There was more than enough left. Hot cereal and cold cereal; Nils had a little of each, sprinkling the uncooked oatmeal over his cornflakes and drowning them both in milk in the Scandinavian manner. This was followed by boiled eggs, four kinds of bread, a platter of cheese, ham, and salami. For those with even better appetites there were three kinds of herring. Arnie, more used to the light Israeli breakfast, settled for some dark bread and butter and a cup of coffee. He looked with fascinated interest as the big pilot had one serving of everything to try it out, then went around again for seconds. Ove came in, poured some coffee, and joined them at the table.
“The three of us are the crew,” he said. “It’s all set. I was up half the night with Admiral Sander-Lange and he finally saw the point”
“What is the point?” Nils asked, talking around a large mouthful of herring and buttered rugbrad. “I’m a pilot, so you must have me, but is there any reason to have two high-powered physicists aboard?”

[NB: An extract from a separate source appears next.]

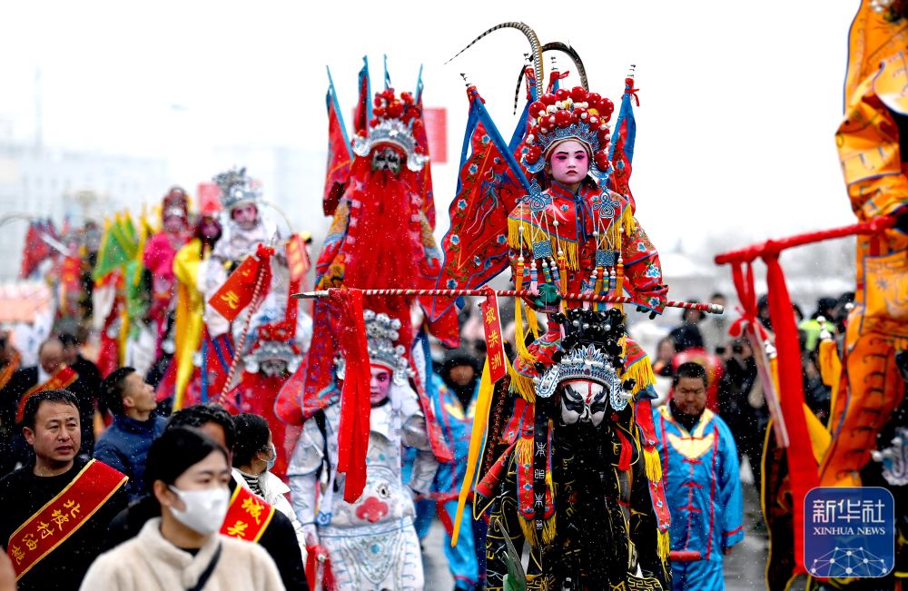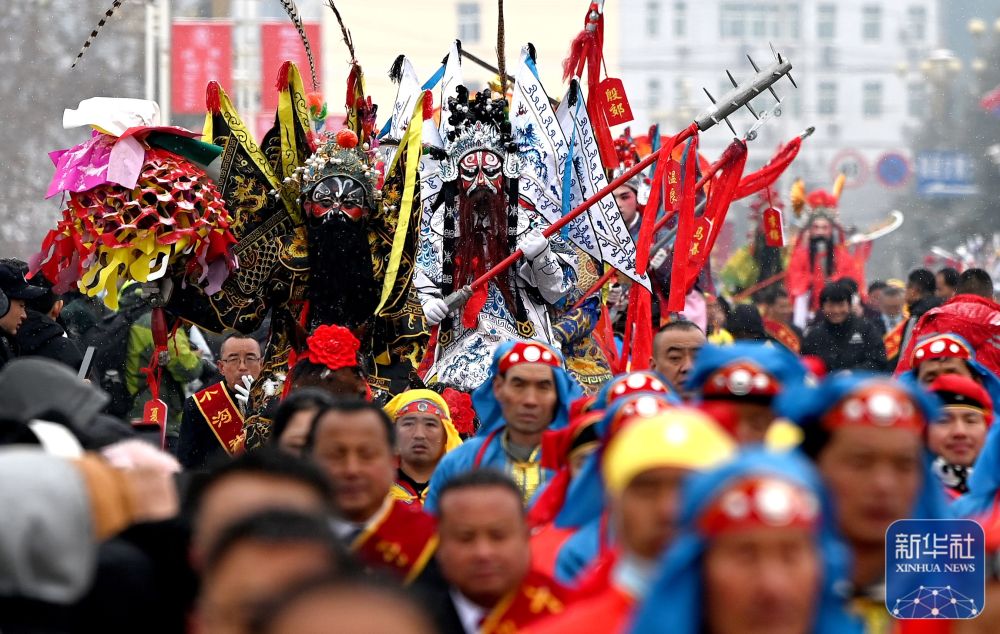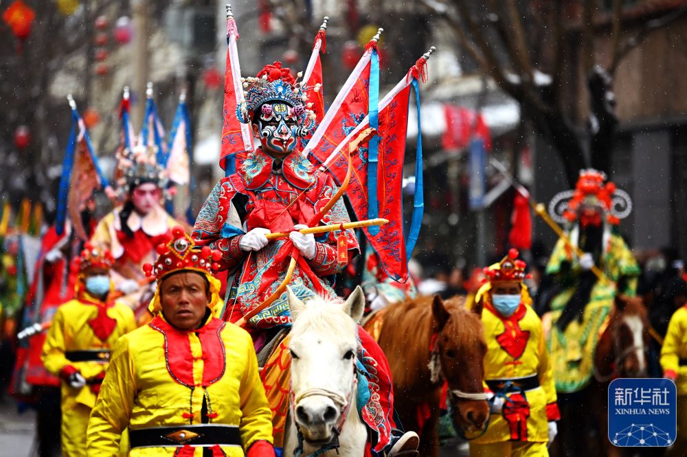 2月22日是农历正月十三,来自陕西各地市的民间社火代表队齐聚陕西陇县,进行社火展演及巡游活动。在陕西,每年春节期间人们纷纷装扮社火,走乡串户,进行拜年迎春游演。

“No real reason,” Ove answered, ready with the answer after a night of debating the point. “But there are two completely separate devices aboard—the Daleth drive and the fusion generator—and each requires constant skilled attention. It just so happens that we are the only two people for the job, sort of high-paid mechanics, and that is what is important. The physicist part is secondary at this point. If Blaeksprutten is to fly, we are the only ones who can fly her. We’ve come so far now that we can’t turn back. Our risk is really negligible—compared to the certain death facing those cosmonauts on the Moon. And it’s also a matter of honor now. We know we can do it. We have to try.”
“Danish honor,? Nils said gravely, then broke into a wide grin. “This is really going to rock the Russians back on their heels! How many people in their country? Two hundred twenty-six or two hundred twenty-seven million, too many to count. And how many in all of Denmark?”
“Under five million.”
“Correct—a lot less than in Moscow alone. So they have all their parades and rockets and boosters and speeches and politicians, and their thing falls over and all die juice runs out. So we come along and pick up the pieces!”
The ship’s officers at the next table had been silent, listening as Nils’s voice grew louder with enthusiasm. Now they burst out in applause, laughing aloud. This flight appealed to the Danish sense of humor. Small they were, but immensely proud, with a long and fascinating history going back a thousand years. And, like all the Baltic countries, they were always aware of the Soviet Union just across that small, shallow sea. This rescue attempt would be remembered for a long time to come. Ove looked at his watch and stood up.